- **What the exercise asks**:
Repeat the following data exactly, omitting pictures.

━━━ Supplied information

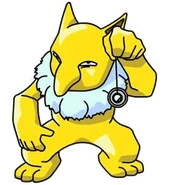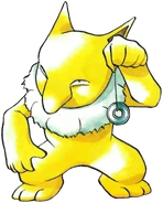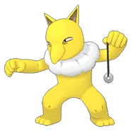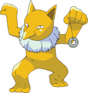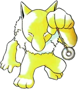 Hypno is a human-like Pokémon with yellow skin. On the top of its head are large, catlike ears. Its eyes are usually squinted, and lower down. It also has a large nose. On its neck, Hypno has a large white mane, which stretches completely around. Hypno also has human-like arms and hands, which both have five digits. It is also always carrying a small pendulum, which it uses in most of its Psychic based attacks.
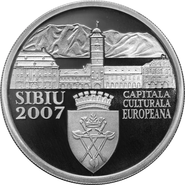 Lower: Sibiu's logo with "SIBIU 2007" to its left and "CAPITALA CULTURALA EUROPEANA" to its right. Middle: Four edifices—the Brukenthal Museum, City Hall's Tower with annex, House of Arts, and Luxembourg House. Upper: The Făgăraş Mountains.
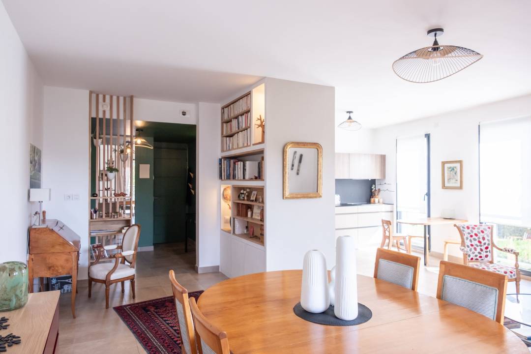 Je leur ai proposé de la réorganiser pour mieux délimiter les espaces et fluidifier la circulation, en modifiant une partie de la cuisine et en inversant salon et salle à manger. Une partie des agencements d’origine dont le coloris se mariait mal avec leurs meubles anciens ont été remplacés notamment par une grande bibliothèque maçonnée avec niches en chêne massif et éclairage intégré.
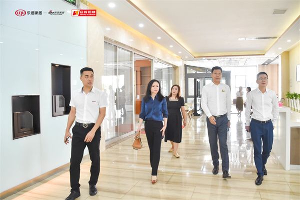 在英辉铝业展厅,走访团从设计创新、技术研发、性能等对企业产品进行了详细了解,据介绍,英辉铝业在2014年在行业率先推出瓷泳技术,2018年推出珐琅丝工艺,并在2022年推出瓷泳新色钛空灰,珐琅丝新色珍珠灰和摩登灰,深受市场青睐。随后,走访团在英辉铝业型材仓库和生产车间对该工艺进行细致观摩,并从原材料、生产设备、工艺及成品对企业有了更深一步的了解,井然有序的运作流程和苛刻的质量检测更是让走访团为之赞叹。

━━━━━━

- **Output of the exercise**:
 Hypno is a human-like Pokémon with yellow skin. On the top of its head are large, catlike ears. Its eyes are usually squinted, and lower down. It also has a large nose. On its neck, Hypno has a large white mane, which stretches completely around. Hypno also has human-like arms and hands, which both have five digits. It is also always carrying a small pendulum, which it uses in most of its Psychic based attacks.
 Lower: Sibiu's logo with "SIBIU 2007" to its left and "CAPITALA CULTURALA EUROPEANA" to its right. Middle: Four edifices—the Brukenthal Museum, City Hall's Tower with annex, House of Arts, and Luxembourg House. Upper: The Făgăraş Mountains.
 Je leur ai proposé de la réorganiser pour mieux délimiter les espaces et fluidifier la circulation, en modifiant une partie de la cuisine et en inversant salon et salle à manger. Une partie des agencements d’origine dont le coloris se mariait mal avec leurs meubles anciens ont été remplacés notamment par une grande bibliothèque maçonnée avec niches en chêne massif et éclairage intégré.
 在英辉铝业展厅,走访团从设计创新、技术研发、性能等对企业产品进行了详细了解,据介绍,英辉铝业在2014年在行业率先推出瓷泳技术,2018年推出珐琅丝工艺,并在2022年推出瓷泳新色钛空灰,珐琅丝新色珍珠灰和摩登灰,深受市场青睐。随后,走访团在英辉铝业型材仓库和生产车间对该工艺进行细致观摩,并从原材料、生产设备、工艺及成品对企业有了更深一步的了解,井然有序的运作流程和苛刻的质量检测更是让走访团为之赞叹。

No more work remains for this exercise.